If you think it must take a NC contact to stop anything, you have no idea of the endless possibilities of control systems.

I agree for fail safe logic, a NC contact or contacts is the norm. But not the requirement in facility to facility.

Actually some would use both.


----------



## mattsilkwood (Sep 21, 2008)

John Valdes said:


> Backwards to some, SOP to others. All control schemes have authors and specs to follow. The use of NO contacts to energize an E-Stop relay is common.
> PLC's often use "true" state for shut down. This requires a contact closure, not a contact to open. Its really up to the person who designs the control system.
> If you think it must take a NC contact to stop anything, you have no idea of the endless possibilities of control systems.
> 
> ...


 Sure, you can stop something with NO contacts but just because you can doesn't make it a good idea. 
IMO relying on a set of contacts to make for life safety a terrible idea, I don't like to depend on a plc for the Estop either. 
One reason is if you have a problem with the Estop circuit you know it imediately because the machine won't start.


----------



## MDShunk (Jan 7, 2007)

FWIW, NFPA 79 requires that the e-stop mechanically open a set of contacts when it's pressed. That prohibits the reliance on the contact springs to change the contact state from NO to NC. A panel built today that uses an ordinary PLC to monitor when a set of contacts close is actually not built to NFPA 79 or ANSI B11 specs.

ANSI specs on estops mirror NFPA 79, which is why even north american panel builders have been using the dual channel safety relays for a few years now, just like the European machines have had for a good many years. Safety relays look for a set of contacts (one of two sets on each switch, actually) to go open.


----------



## Frank Mc (Nov 7, 2010)

Hi Guys

Here in Oz we wire E/Stop circuits normally 2 channel n/c.....n/o is used to inform the plc which e/stop has been pressed...

Frank


----------



## electrician1975 (Jan 14, 2011)

*Problem shutting down e-stop circuits*

Thanks all for all of your comments and responses to my situation.
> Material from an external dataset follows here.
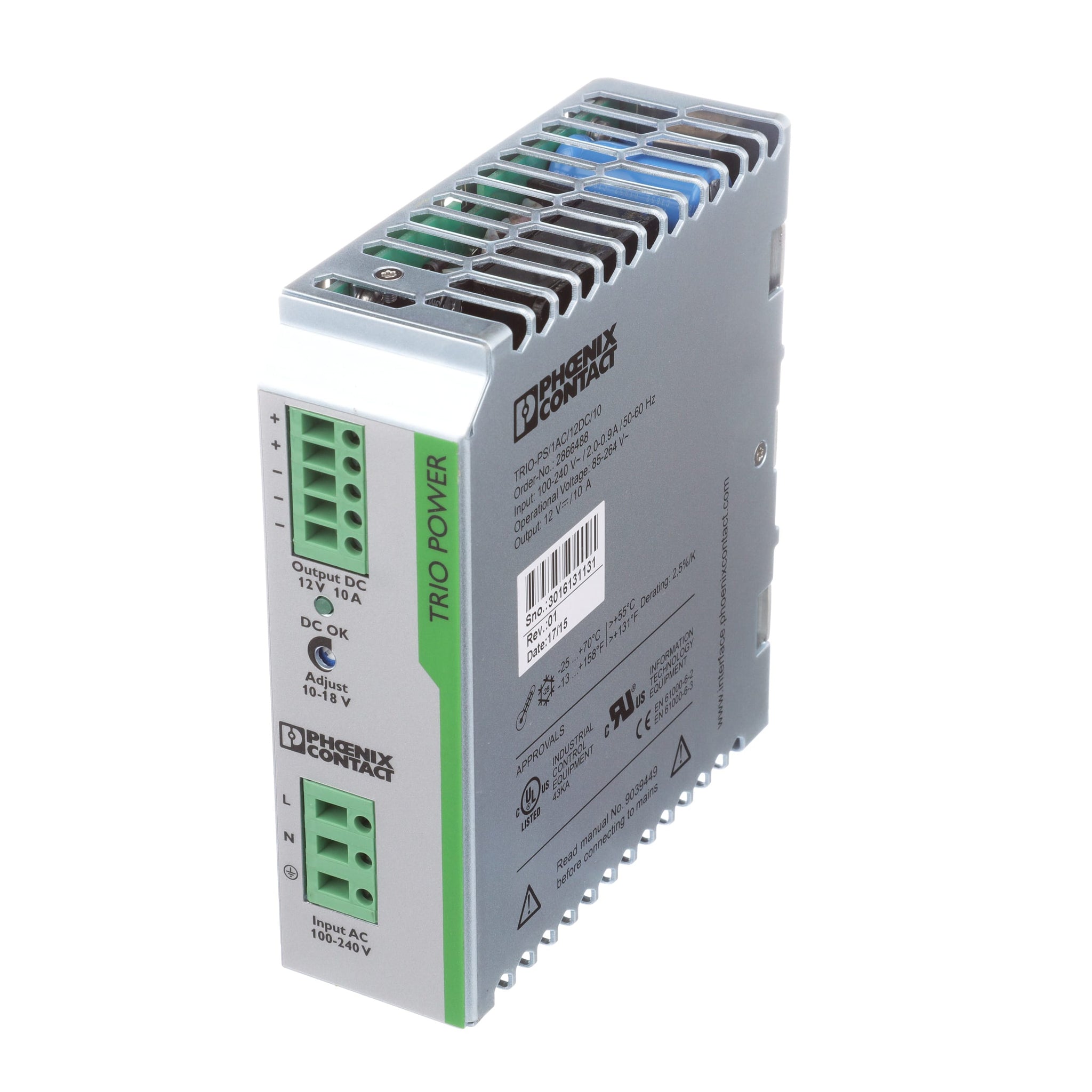 The TRIO POWER Series is particularly suited to standard machine production, thanks to 1- and 3-phase versions up to 960 W. The wide-range input and the international approval package enable worldwide use. The robust metal housing, the high electric strength, and the wide temperature range ensure a high level of power supply reliability.
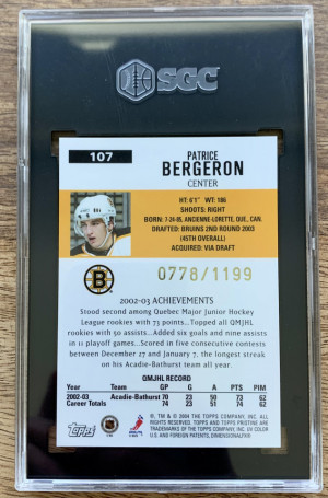 Patrice Bergeron 2003-04 Topps Pristine 778/1199 - SGC 10

I figured out the problem. I had a duplicate wire feeding the control power back from the e-stop on one of the panels. I removed it and now they work.


----------



## tommu56 (Nov 19, 2010)

kbsparky said:


> You would have to install a 4th control transformer somewhere, independent of the other 3. Have it control a master 3-pole relay that shuts off each of the other panels. The e-stop switches would have to control the master 3-pole relay, which in turn would shut down all 3 panels.
> 
> OR remove all the control transformers, and use a single independent one to control all the functions .... the isolation relay may be needed in any case.


I would do the same or use the first machine in the sequence as the control power point.

Is there a run circuit in each machine? if so use that to enable the next one in the sequence. So stopping the first will stop all them.

One note some PB operators aren't rated for 3 or 4 blocks we ran across that with some CH 22mm ones.


----------